● **WHAT THE EXERCISE ASKS**: A verbatim copy of the records below, pictures omitted, is the task.

PROVIDED ENTRIES below:

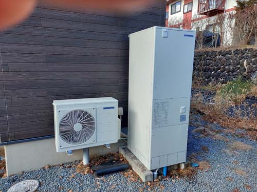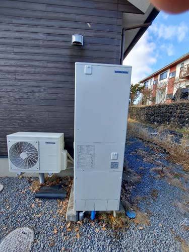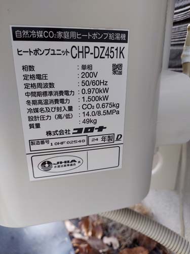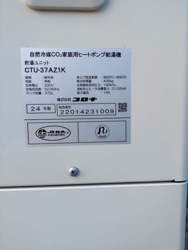 美馬市脇町 三菱電機エコキュート→コロナ自然冷媒CO2家庭用ヒートポンプ給湯機貯湯ユニットCTU-37AZ1K、ヒートポンプユニットCHP-DZ451K エコキュート交換工事
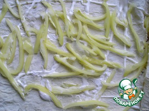 На разолженный лавашный лист нанести немножно сметанки и покрыть тоненькиим полосочками перчика
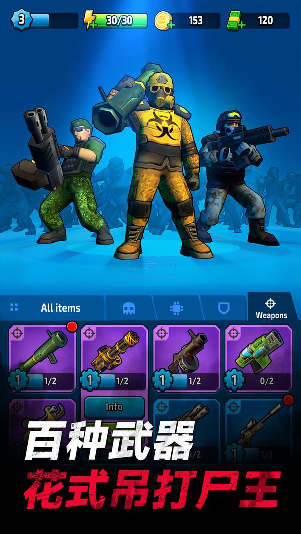 1、你可以通過使用特殊的武器道具,幫助你打敗僵尸,征服整個(gè)世界。
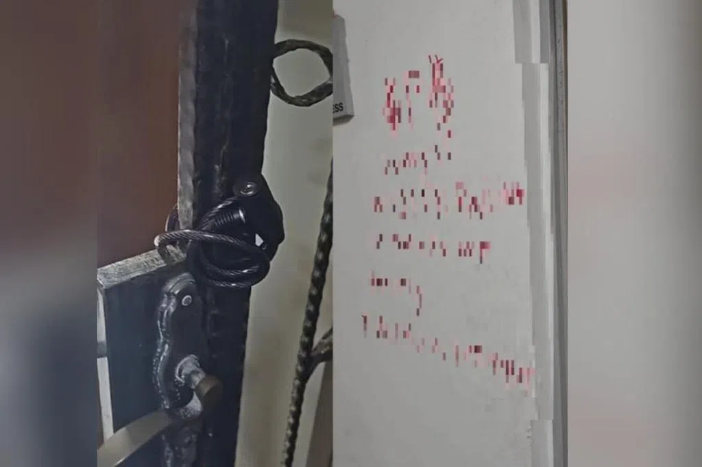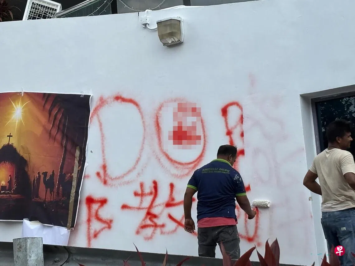 警方星期五(26日)晚发文告说,警方是在星期四早上9时15分接获求助通报,警方抵达现场时,发现建筑外墙和停车场的三辆小型货车,遭人用红漆喷写上冒犯性字眼。当局事后也在现场起获一罐红色喷漆作为证物。
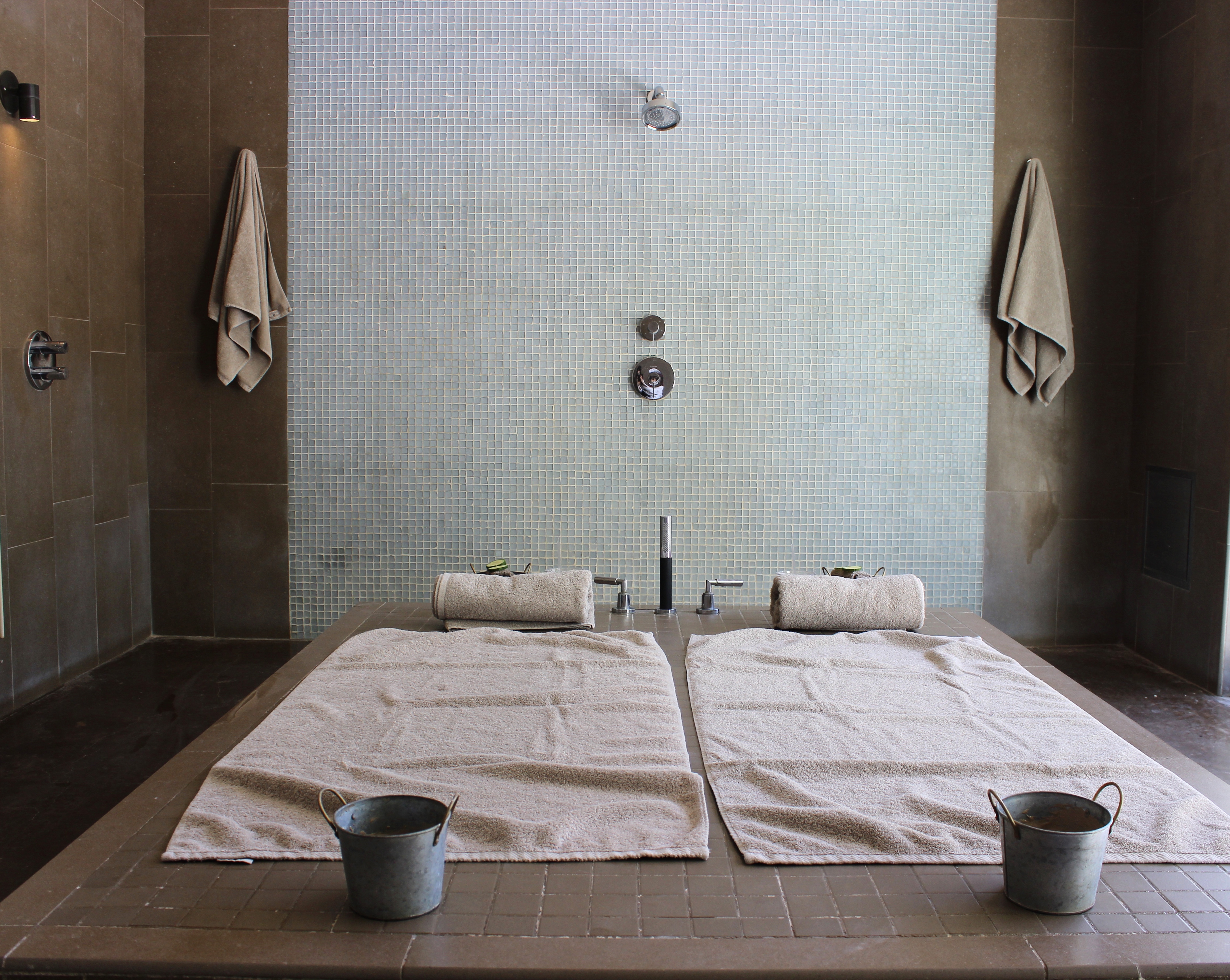 We were in luxurious terry robes within ten minutes of arriving at Solage, just a few minutes from the village. The locker room is large, glossy white, and feels brand new. Directly outside of the locker rooms are his and hers open-air lounges, also dressed in white, with modern seating and endless natural light. I would have been quite content to spend the day in this open space, one palm tree overhead, magazine and ice water in hand.

End of PROVIDED ENTRIES.

● **SOLUTION**:
 美馬市脇町 三菱電機エコキュート→コロナ自然冷媒CO2家庭用ヒートポンプ給湯機貯湯ユニットCTU-37AZ1K、ヒートポンプユニットCHP-DZ451K エコキュート交換工事
 На разолженный лавашный лист нанести немножно сметанки и покрыть тоненькиим полосочками перчика
 1、你可以通過使用特殊的武器道具,幫助你打敗僵尸,征服整個(gè)世界。
 警方星期五(26日)晚发文告说,警方是在星期四早上9时15分接获求助通报,警方抵达现场时,发现建筑外墙和停车场的三辆小型货车,遭人用红漆喷写上冒犯性字眼。当局事后也在现场起获一罐红色喷漆作为证物。
 We were in luxurious terry robes within ten minutes of arriving at Solage, just a few minutes from the village. The locker room is large, glossy white, and feels brand new. Directly outside of the locker rooms are his and hers open-air lounges, also dressed in white, with modern seating and endless natural light. I would have been quite content to spend the day in this open space, one palm tree overhead, magazine and ice water in hand.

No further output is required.